Ich weiß nicht mehr, in welcher Zeit das war. Jemand hatte seine Hände auf meine Schultern gelegt – ich war etwas überrascht. Es war jemand, der sich einbildete, ich würde irgend etwas Außerordentliches fühlen! Ich muß wohl mein Gesicht verzogen haben (ich hatte das nicht erwartet). Hinterher fragten sie mich: "Welche Erfahrung hatten Sie (!), was fühlten Sie?" – Ich antwortete nicht. Als ich allein war, schrieb ich dies:

Ungefähr das,
was der Christ fühlen mußte,
als er das Gewicht
des Kreuzes
auf seinen Schultern spürte.

Ich erinnere mich noch an die Erfahrung. Es war vollkommen wahr. Nichts Intellektuelles. Genau der Eindruck, den der Christ empfinden mußte, als er das Gewicht des Kreuzes auf seinen Schultern spürte. Das Gewicht einer ganzen Düsternis, einer Unbewußtheit, eines allgemeinen schlechten Willens, eines vollkommenen Unverständnisses... Und es war wirklich so... als trug ich eine schreckliche Last – schrecklich wegen ihrer Düsterkeit, nicht wegen ihres Gewichts. Und ich sagte mir: "Sieh! So muß der Christ es empfunden haben, als man das Kreuz auf seine Schultern legte."

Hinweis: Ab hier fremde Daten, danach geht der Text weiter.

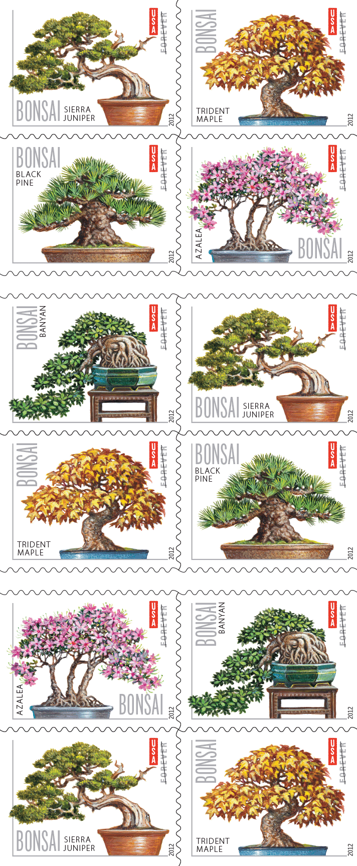 The Bonsai stamps are being issued as Forever® stamps in self-adhesive booklets of 20 (4 of each design). Forever stamps are always equal in value to the current First-Class Mail one-ounce rate.
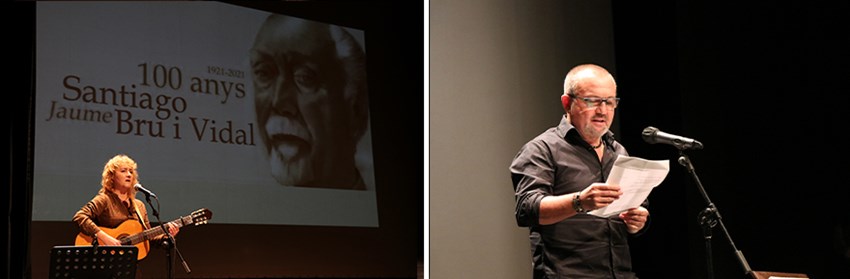 Además, su nieta, Dulce, y bisnietos, Gorka y Pau, también participaron en el acto con un recital de poesía de la obra de Bru i Vidal, quienes recitaron Aquell día, La cancó de berenar y Toc-toc, respectivamente.

So viele! (Mutter deutet auf einen Stapel verschiedenster Zettel) In einem anderen Stapel sind nochmal so viele! Diese krankhafte Angewohnheit, Papiere aufzuheben!

Aber nein, Mutter, zum Glück heben wir sie auf!

Oh! Aber ich habe so viele, viele! Da gibt es sicher noch einige Schachteln voll.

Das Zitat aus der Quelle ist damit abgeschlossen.